Уровни белков E и M определяли с помощью вестерн-блоттинга. Мы измерили экспрессию кодируемых белков S/N/E/M SARS-CoV-2 в HEK-293T-клетках, трансфицированных плазмидами pS/pN/pE/pM, с помощью вестерн-блот-анализа с использованием антигена. -S/анти-N антитела и антитело анти-6 x His в клеточных лизатах. Полосы аппроксимировали предсказанную молекулярную массу белков S (140–142 кДа), N (45 кДа), E (10 кДа) и M (22–25 кДа) (рис. 1B).

3.2. Устойчивая и устойчивая продукция анти-S и/или анти-N IgG, индуцированная ДНК pS и/или pN

Вакцины. Сыворотку собирали у мышей BALB/c через 35, 56, 96 и 120 дней (рис. 2). Уровни анти-S/анти-N IgG определяли с помощью ELISA. Величина S- или N-специфического ответа IgG, индуцированного pS или pN, увеличивалась в сыворотке после первой и второй иммунизации. Титры анти-S и анти-N IgG были выше в группе pS + pN, чем в других группах; однако разница не была статистически значимой (рис. 3А, Б). Никаких надежных реакций антител, специфичных к E/M-белку, обнаружено не было, что согласуется с результатами предыдущего исследования (данные не показаны) [15].

Рисунок 3. Реакция B-клеток на SARS-CoV-2 у мышей BALB/c. (A) Титры конечной точки связывания IgG в сыворотке для белков SARS-CoV-2 S (A) и N (B). (C) Титры нейтрализации определяли на основе системы псевдотипированного вируса SARS-CoV-2. (D) Титры нейтрализации анти-SARS-CoV-2 определяли с использованием вируса SARS-CoV-2. (E) Анализ нейтрализации на основе псевдотипированной вирусной системы SARS-CoV-2 Omicron. Показаны коэффициенты ингибирования для сывороток из групп имитации (синий), pS (красный), pS + pN (зеленый), pS + pE + pM (розовый) и pN (оранжевый).
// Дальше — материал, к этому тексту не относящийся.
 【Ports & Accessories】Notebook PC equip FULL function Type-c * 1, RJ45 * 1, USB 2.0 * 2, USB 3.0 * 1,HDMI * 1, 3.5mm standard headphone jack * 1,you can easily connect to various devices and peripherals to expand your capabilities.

Столбики ошибок представляют собой SEM, а значения p были рассчитаны с использованием двустороннего дисперсионного анализа и апостериорного анализа Сидака, где * p < 0,05.

3.3. Высокие уровни нейтрализующих антител, индуцированные совместной иммунизацией вакцинами pS и pN

Нейтрализующие титры серийно разведенных образцов сыворотки определяли с использованием псевдотипированного вируса SARS-CoV-2. Самые высокие уровни нейтрализующих антител (nAb) наблюдались в группе pS + pN, при этом обратные средние геометрические титры EC50 достигали 2988 (на 35-й день) и 3578 (на 56-й день) (рис. 3C). Аналогичные результаты наблюдались при использовании анализа микронейтрализации живого вируса (MN), при котором уровни nAb в группе pS + pN были выше, чем в группе S на 56 и 96 дни (p < 0,05; рисунок). 3D). Более того, уровни nAb в группе pS + pN на 56-й день (вторая ревакцинация) были значительно выше, чем на 35-й день (p <0,05; рисунок 3D).
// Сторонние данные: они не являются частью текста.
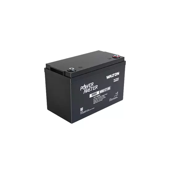 The Walton Power Master WBU12100 is a 12-volt, 100Ah sealed battery. It is designed to provide reliable power storage and backup for various applications, such as solar systems, UPS (Uninterruptible Power Supply) units, electric vehicles, and marine equipment. The battery features a sealed construction, which means it is maintenance-free and does not require frequent checking or refilling of electrolyte levels. This makes it convenient to use in different environments and reduces the risk of acid leaks or spills. With a capacity of 100Ah, the Walton Power Master WBU12100 offers a decent amount of energy storage, allowing it to provide sustained power over an extended period. This makes it suitable for applications that require continuous or intermittent power supply, such as camping, off-grid power setups, or emergency backup power. The battery utilizes advanced lead-acid technology, ensuring efficient energy storage and long cycle life. It is built with high-quality materials and designed to withstand deep discharges, vibrations, and extreme temperature conditions. The dimensions and weight of the Walton Power Master WBU12100 may vary, but typically it is designed to be compact and lightweight for easy installation and portability. It may come with built-in handles or carrying straps to facilitate transportation. When using the Walton Power Master WBU12100, it is essential to follow the manufacturer's instructions regarding charging, usage, and maintenance to optimize its performance and lifespan. Overall, the Walton Power Master WBU12100 12-volt, 100Ah sealed battery provides a reliable and efficient power storage solution for a range of applications, offering convenience, durability, and long-lasting performance. The large selection of WALTON POWER MASTER WBU12100 SEALED BATTERY available at Techland BD is well recognized.

Нейтрализующую активность каждой схемы вакцинации против варианта SARS-CoV-2 Omicron дополнительно определяли с использованием псевдотипированной платформы и образцов сыворотки. Профиль нейтрализации вируса Омикрон на 35 и 56 дни был аналогичен профилю нейтрализации предкового вируса (рис. 3E), что позволяет предположить, что обработка PS + pN имела перекрестную нейтрализующую эффективность.
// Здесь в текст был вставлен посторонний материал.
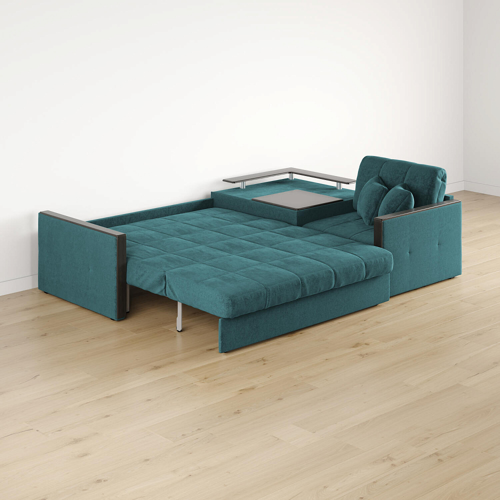 Угловой диван «Бристоль» с баром станет главным местом для отдыха и приема гостей. Модель оснащена баром, на котором можно расположить еду и напитки во время просмотра фильмов и сериалов. Вместительный короб и ящик для постельных принадлежностей. Благодаря механизму трансформации «Аккордеон» диван легко превращается в полноценную кровать для двух человек. Пропорциональные формы, плавные линии декоративного канта подчеркивают лаконичный дизайн, поэтому диван подойдет для любого современного интерьера.

цистанхе трубчатой ​​– улучшает иммунную систему

3.4. Ответы Т-клеток, индуцированные ДНК-вакцинацией

Как описано ранее, ответы Т-клеток против антигенов SARS-CoV-2 S/N/E/M оценивались с использованием IFN-ELISpot, как описано ранее [15]. Как и ожидалось, схемы PS + pN и pS + pE + pM индуцировали значительно более высокие уровни IFN + Т-клеток, специфичных для S-белка, на 12-й день0, чем на 35-й день (p < 0). 05; Рисунок 4А). Более того, количество IFN + T-клеток, специфичных для белка N, на 120-й день (вторая ревакцинация) было значительно выше, чем на 35-й день в группе pS + pN (p <0,05; рисунок 4B). Наконец, количество IFN + Т-клеток, специфичных для белка М, на 120-й день (вторая ревакцинация) было значительно выше, чем на 35-й день в обеих группах (p <0,05; рисунок 4D).

Рисунок 4. Реакция Т-клеток на отдельные структурные белки SARS-CoV-2 у мышей BALB/c. (A) Ответы Т-клеток измерялись с использованием IFN-ELISpot в спленоцитах, стимулированных в течение 20 часов перекрывающимися пулами пептидов, охватывающими SARS-CoV-2 S, (B) N, (C) E, и (D) М-белки. Столбцы представляют собой среднее значение ± SD. Статистический анализ проводился с использованием двустороннего дисперсионного анализа и апостериорного критерия Сидака, где * p < 0.05, ** p < 0.01, *** p < 0,01 и **** р < 0,0001.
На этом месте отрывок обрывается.